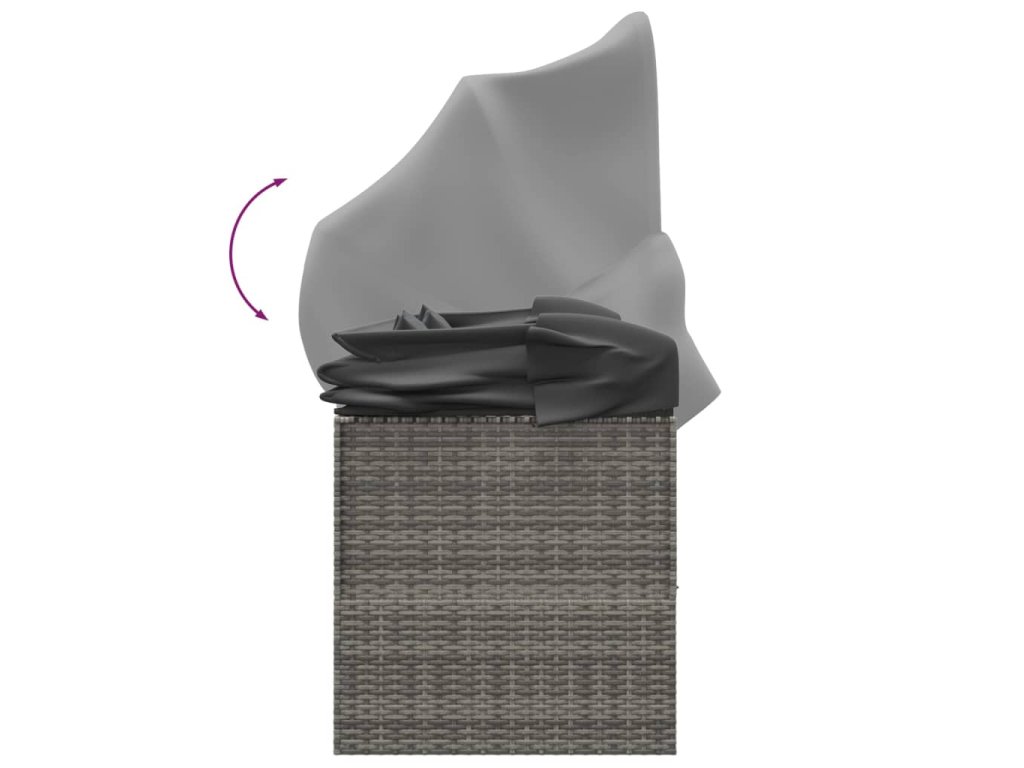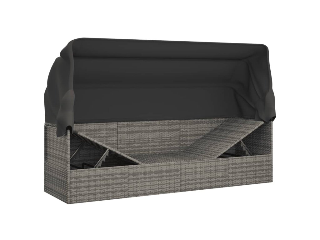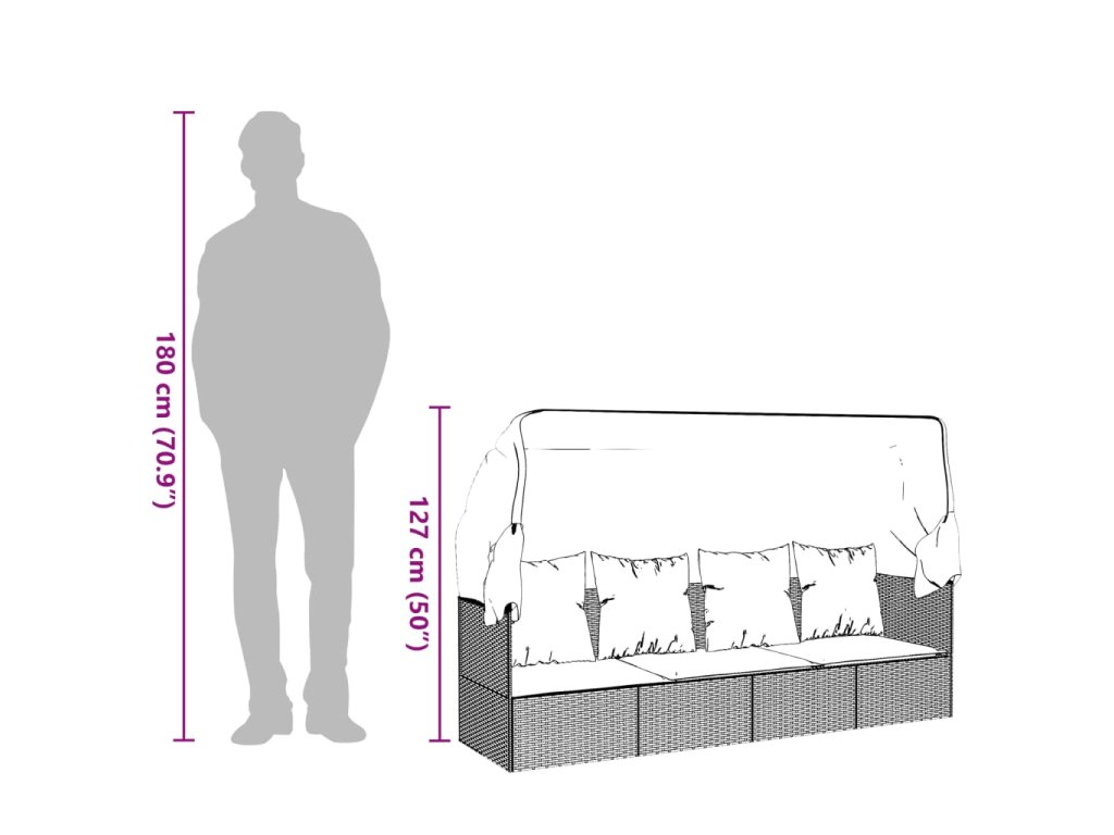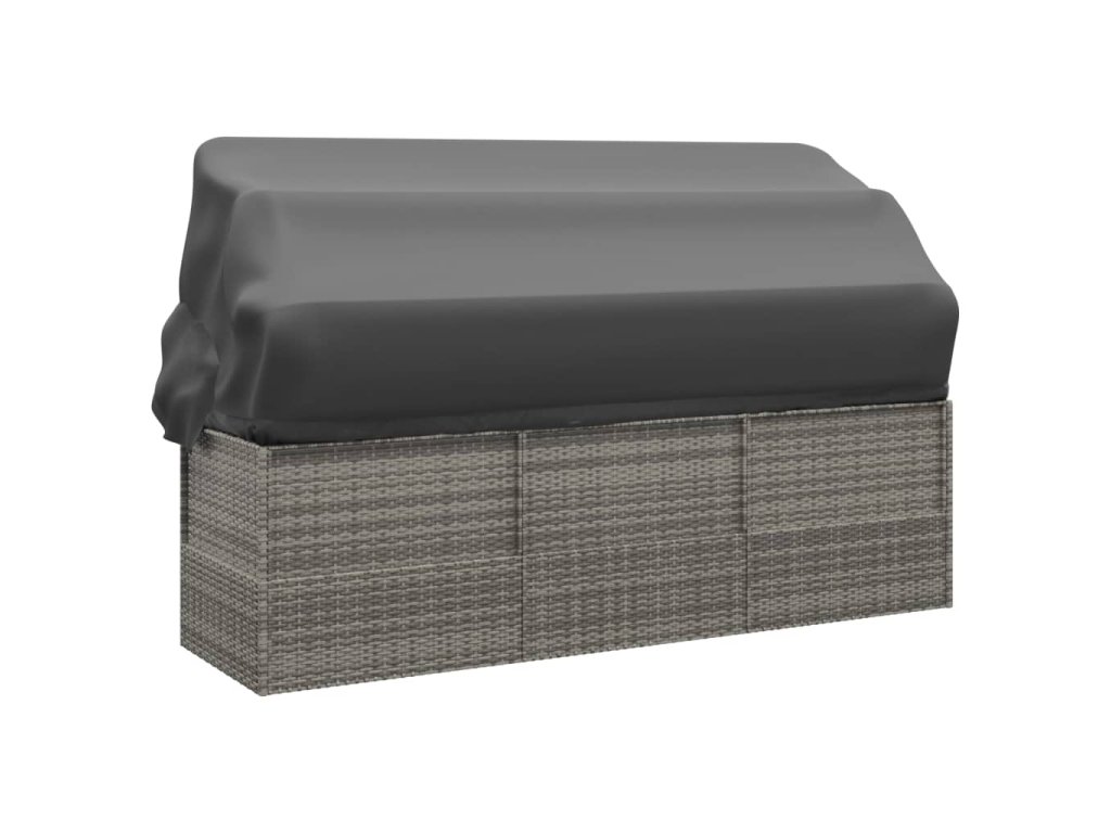Toto pohodlné vonkajšie lôžko so strechou a vankúšmi je dokonalou kombináciou štýlu a funkčnosti.
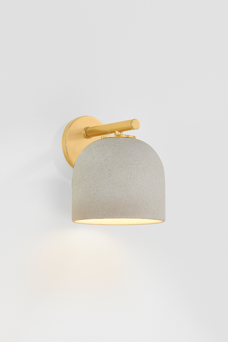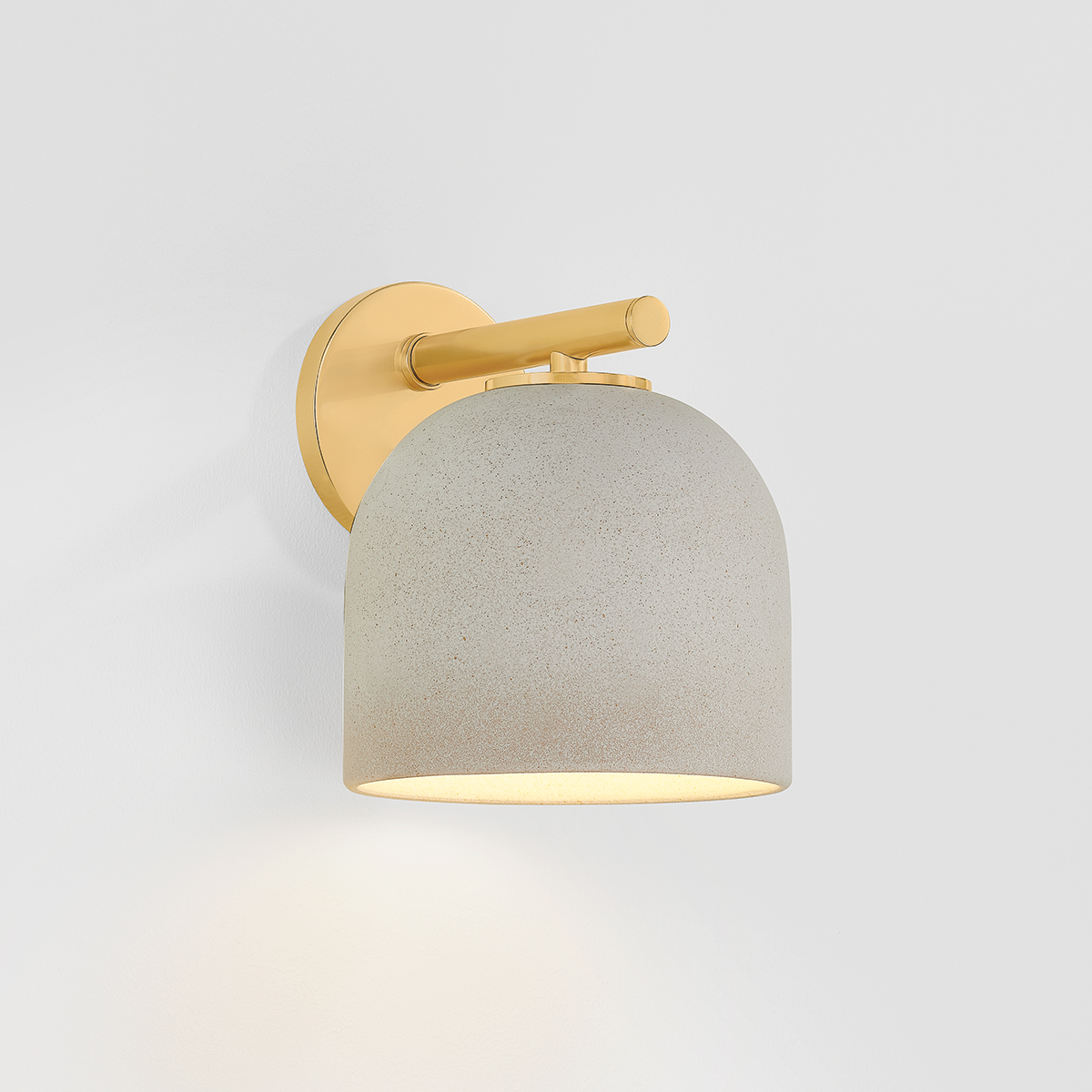 Inspired by Neoclassical architecture, Cara uses a domed shade and textural ceramic finish for a sconce that feels both ancient and new. A matte reactive glaze in an creamy hue creates a subtle surface grain that imitates natural stone. A circular modern armback in an Aged Brass finish adds shine to the fixture.
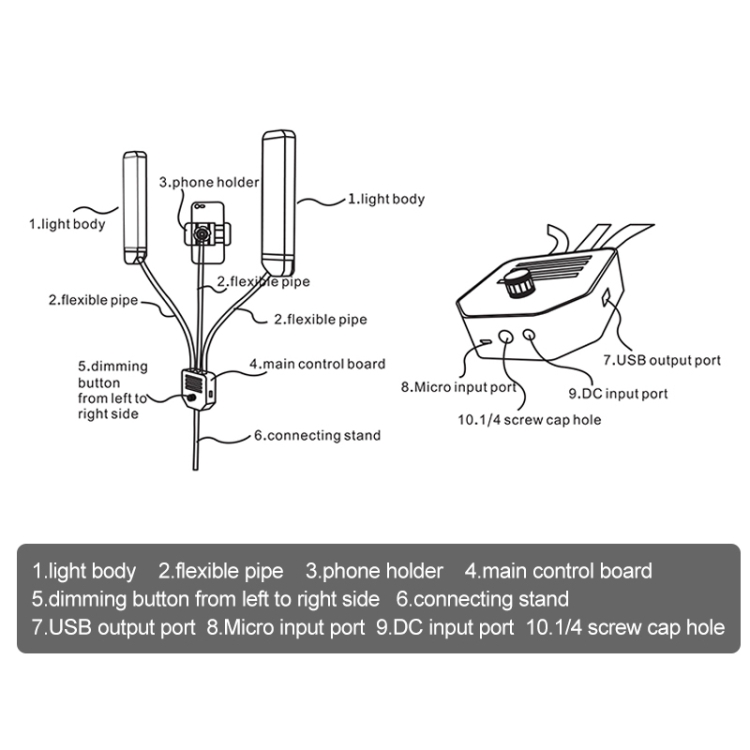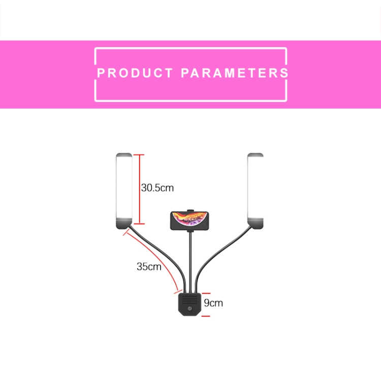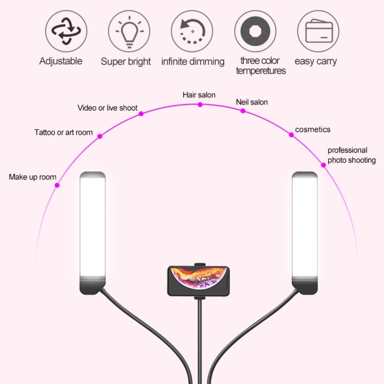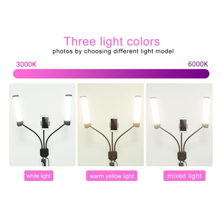 RK39 Portable Tri-color Adjustable Brightness Double Arms Fill Light with Phone Clip
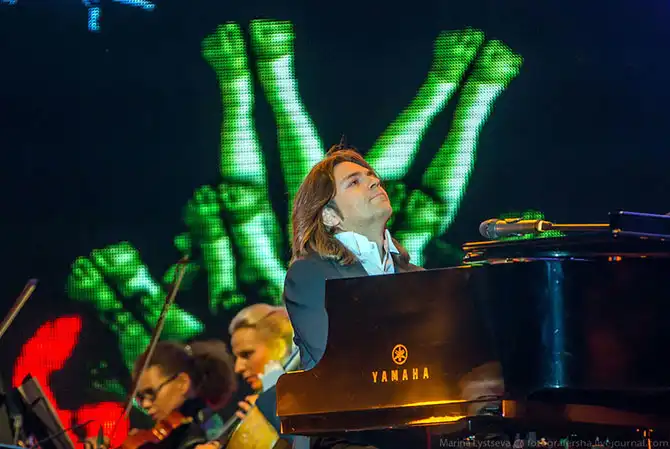 Ну а главным событием вечера стал часовой фортепьянный концерт Pianomania от Дмитрия Маликова. Композитор и певец за пару часов до начала написал в своем твиттере «Ребята ! Прохладно. одевайтесь теплее, возьмите по 50 грамм для сугреву, и к нам, в Царицыно, начнем в 20-30)))»:

——

▶ [PROBLEM TO SOLVE] Output all data exactly, omitting images.

▶ [EXERCISE RESULT]
Toto pohodlné vonkajšie lôžko so strechou a vankúšmi je dokonalou kombináciou štýlu a funkčnosti.
 Inspired by Neoclassical architecture, Cara uses a domed shade and textural ceramic finish for a sconce that feels both ancient and new. A matte reactive glaze in an creamy hue creates a subtle surface grain that imitates natural stone. A circular modern armback in an Aged Brass finish adds shine to the fixture.
 RK39 Portable Tri-color Adjustable Brightness Double Arms Fill Light with Phone Clip
 Ну а главным событием вечера стал часовой фортепьянный концерт Pianomania от Дмитрия Маликова. Композитор и певец за пару часов до начала написал в своем твиттере «Ребята ! Прохладно. одевайтесь теплее, возьмите по 50 грамм для сугреву, и к нам, в Царицыно, начнем в 20-30)))»:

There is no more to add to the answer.